Buccaneers Camp Report: Day 14

August, 12, 2014
8/12/14
8:58
PM ET
TAMPA, Fla. -- A daily review of the hot topics coming out of Tampa Bay Buccaneers training camp:
  • Coach Lovie Smith pulled a bit of a surprise and put an unexpected end to the training camp portion of the preseason Tuesday. The Bucs are off Wednesday. When they return Thursday, they’ll be practicing without pads and preparing for Saturday night’s preseason game with Miami. Smith said he was pleased with camp overall. “I thought it was good," Smith said. “We practiced in the heat of the day most of the time. It’s draining. It’s draining just going through a walk through in Tampa. But the guys got through it. We haven’t had any major injuries. We felt we got about the proper amount of physical contact that we need to get ourselves in position to play the game. I like the work that we’ve done. Most of the guys have made a lot of progress throughout. We just need to kind of take steps now. We want to see improvement in the games."
  • Smith singled out several under-the-radar players that have given themselves a chance to make the roster with strong training camps. He mentioned fullback Jorvorskie Lane, linebacker Danny Lansanah and defensive lineman Scott Solomon. Smith also said rookie receiver Robert Herron has come on strong in recent days after having some problems holding onto the ball earlier in camp.
  • Defensive tackle Gerald McCoy was given most of the practice off. Smith said that was a coach’s decision and a reward for a strong camp by McCoy. Nose tackles Clinton McDonald and Akeem Spence each got some work at McCoy’s three-technique position.
  • Tuesday was “legends" day. The Bucs welcomed 50 former players to watch practice. That was a nice gesture and a change from former coach Greg Schiano, who didn’t always welcome former players. “I think we’ve made it known that they’re welcome," Smith said. “Not just on legends day, but any day coming back to their football team. What we’re doing, we hope that they see, is we’re trying to get it back. Most of the guys that came here had success while they were here, and that’s what we plan to do."
  • The Bucs signed defensive end T.J. Fatinikun.
  • There is no practice Wednesday. The Bucs are scheduled to practice Thursday at 2 p.m. Although Smith isn’t calling it training camp anymore, the practice still will be open to the public, team officials said. This will be the last open practice of the preseason.

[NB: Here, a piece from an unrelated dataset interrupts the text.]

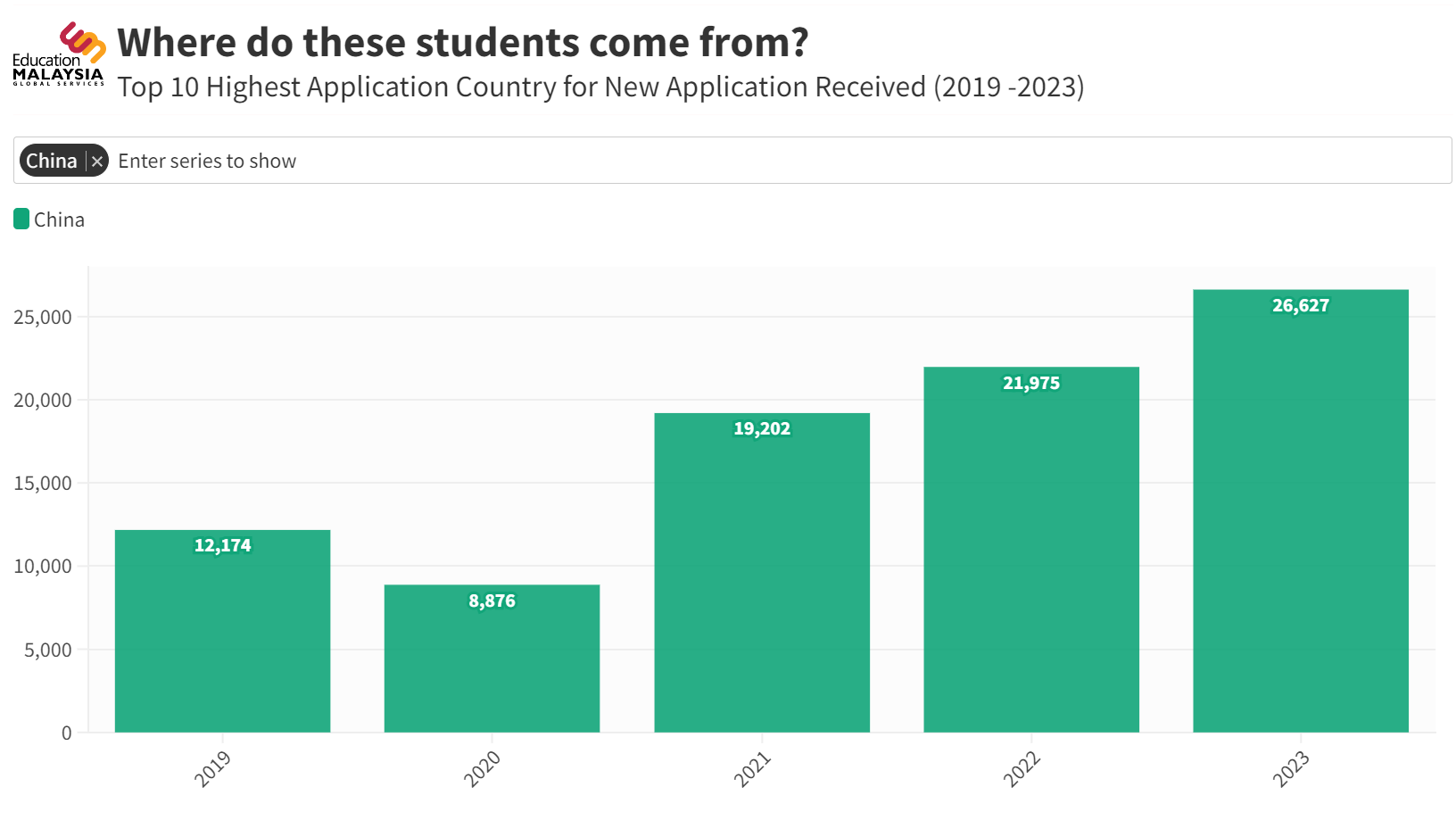 近年来,中国留学生正在涌向马来西亚、新加坡、泰国等东南亚国家。马来西亚教育全球服务中心(EMGS)发布的2023年申请赴马留学的学生数据中,来自中国的申请高达26627份,占比第一。

Buccaneers Camp Report: Day 10

August, 5, 2014
8/05/14
8:24
PM ET
TAMPA, Fla. -- A daily review of the hot topics coming out of Tampa Bay Buccaneers training camp:
  • The camp with no controversy finally had a little bit Tuesday; just a little. It came during a goal-line drill at the end of practice. There was a play where running back Doug Martin ended up very near the goal line. Martin and the rest of the offensive players signaled it was a touchdown. But the team was divided. The defensive players said Martin came up short. “There’s no replay," coach Lovie Smith said. “I have final say and I thought it was good." Smith said he was pleased with the offense’s showing in the goal-line drill. “Last time we went goal line I thought the defense kind of got the better of it," Smith said. “I thought the offense came back out there strong today down there. We’ve got to get touchdowns when we get down there. We say we want to have balance. We’ve got to be able to run the ball, especially in those types of situations."
  • Although cornerback Alterraun Verner (hamstring) has missed most of training camp and been ruled out of Friday’s preseason opener at Jacksonville, Smith said he’s not all that concerned about the veteran missing so much practice time. “You can’t do much about it," Smith said. “I’ve seen too many good football players miss time in training camp. I think it has very little bearing on what happens later on. He’s been through a lot of work with us. We feel pretty confident that he’ll be able to get our defense down and be able to play at a high level."
  • The first unofficial depth chart of the year came out Tuesday, but Smith had some words of caution. “Don’t put too much into the depth chart," Smith said. “The league says we have to put out a depth chart today, so we put out a depth chart today. The depth chart will mean a little bit more once we play a football game against someone else." The initial depth chart was generous to the veterans and sold some rookies short. Receiver Mike Evans and Austin Seferian-Jenkins continue to get some work with the first team, but they were listed as backups on the depth chart.
  • A couple of guys that have had trouble catching the ball came up with nice catches Tuesday. Rookie Robert Herron had a nice catch in traffic. Running back Jeff Demps made a nice catch on a deep pass from Mike Glennon. Demps also had a nice run.
  • The Bucs signed defensive ends Ryne Giddins and James Ruffin. Linebacker Jeremy Grable and safety Mycal Swaim were waived.
  • The Bucs will practice at 2 p.m. Wednesday. The session is closed to the public.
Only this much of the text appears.